3080 ti is very close to real time speed with cuda for 1080p

Thanks a lot for the testing and feedback on the new model. In fact the latest graphics cards are one step away from interpolating 1080p files in real time using RIFE. That is why our feedback to the RIFE developer is so important. Maybe something more can be squeezed out of RIFE?

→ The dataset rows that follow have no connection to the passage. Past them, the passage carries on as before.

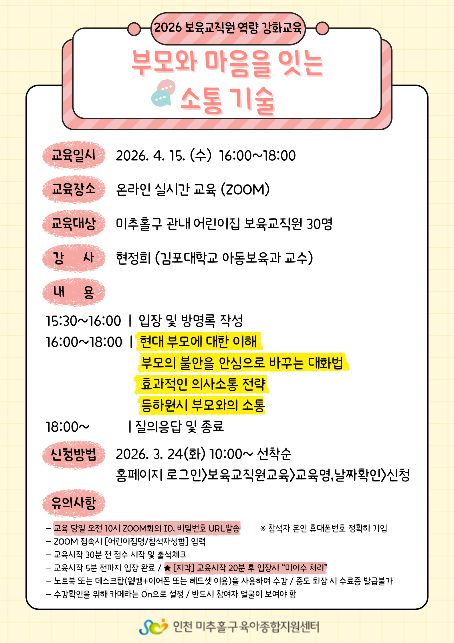 | ±³À°ÀÏ | 2026-04-15(¼ö) | ±³À°½Ã°£ | 16½Ã00ºÐ ~ 18½Ã00ºÐ |
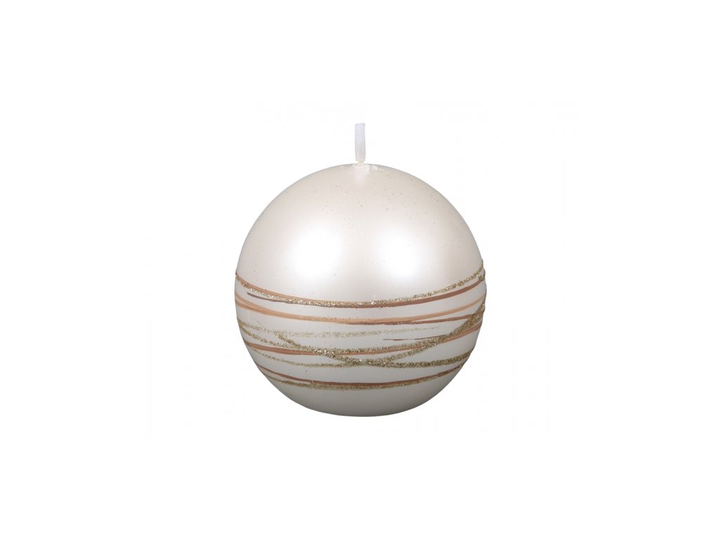 Bílá vánoční svíčka ve tvaru koule je zdobena namalovanými béžovými proužky a zlatými glitrovými proužky po celém obvodu. Průměr: 6 cm.Doplňkové parametry
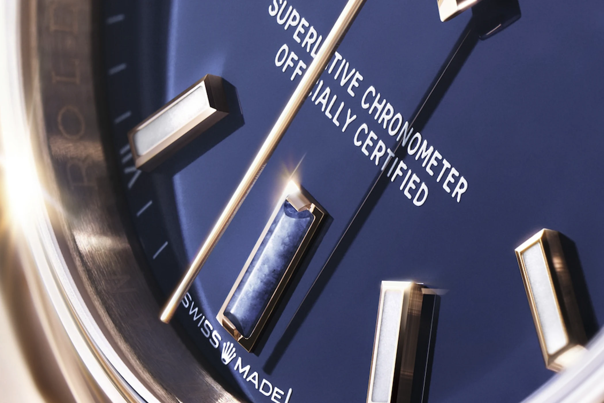 Auffällig ist dabei, wie breit Rolex das Jubiläum interpretiert. Die Oyster Perpetual wird zum zentralen Schauplatz des Jubiläums, die Datejust 41 greift mit einem grün lackierten Ombré-Zifferblatt tief ins Markenerbe, die Yacht-Master II kehrt technisch und ergonomisch neu aufgestellt zurück, die Day-Date 40 führt mit Jubilee Gold eine neue hauseigene Legierung ein und der Cosmograph Daytona erscheint erstmals als Rolesium-Variante mit weiß emailliertem Zifferblatt und neuartiger anthrazitfarbener Cerachrom-Lünette. Es ist also ein Jahr der gezielten Weiterentwicklung – und eines, in dem Rolex seine bekanntesten Modelle mit ungewöhnlich viel inhaltlichem Input auflädt.
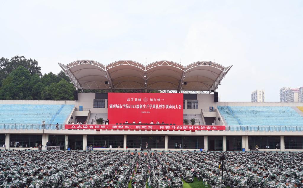 本网讯(记者 文彦波)金秋九月,惠风和畅,博鱼买球正规(中国)有限公司官网迎来了7000余名新同学。为做好新生思想教育工作,为新生扣好大学第一粒扣子,9月14上午,学校党委书记汤放华以“以学立身 品学兼修 绽放新时代城院学子的绚丽风采”为题,在东田径场为2023级全体新同学讲授开学第一堂思政课。副校长雷存喜主持。
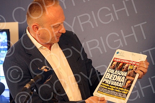 In the premises of the Party of Freedom and Justice, a press conference of the President of the SSP, Dragan Djilas, on the trial for the alleged violation of the ban on movement during curfew.

I have written a request for help in optimizing RIFE for the latest graphics cards. You can find the details at this link: https://github.com/hzwer/arXiv2020-RIFE/issues/217

Now I need one or even better two or three people to check the GPU (CUDA) load during interpolation. I would be very grateful if you could do a simple test including CUDA load:


And here are the details of the test:

Fixed test parameters:

SVP & RIFE filter for VapourSynth (PyTorch)
re-encoding with x2 interpolation
RIFE model: 4.0
scale=1.0

Variable test parameters:

Math precision: FP16 and FP32

Test results:

re-encoding speed [FPS]
CUDA utilisation [%]

Video file:

original demo video from the creator of RIFE at: https://github.com/hzwer/arXiv2020-RIFE
720p (1280x720), 25FPS, 53 s 680 ms, 4:2:0 YUV, 8 bits
direct link: https://drive.google.com/file/d/1i3xlKb … sp=sharing


If the CUDA load is not displayed then you can check my post here: https://www.svp-team.com/forum/viewtopi … 493#p79493 and especially lwk7454's reply here: https://www.svp-team.com/forum/viewtopi … 497#p79497


If, in addition, you could find the time to do a similar test with some 1080p file then all the better and more data for the RIFE developer to analyse.


Quaternions wrote:

All in all very cool, I will definitely be watching anything 720p with rife

Once we can achieve x2 real-time interpolation for 1080p files, we will be able to simultaneously interpolate x3 real-time 720p files. So it's worth testing and giving precise data to the RIFE developer. When he sees how close it is I think he will find a way to optimize RIFE even more.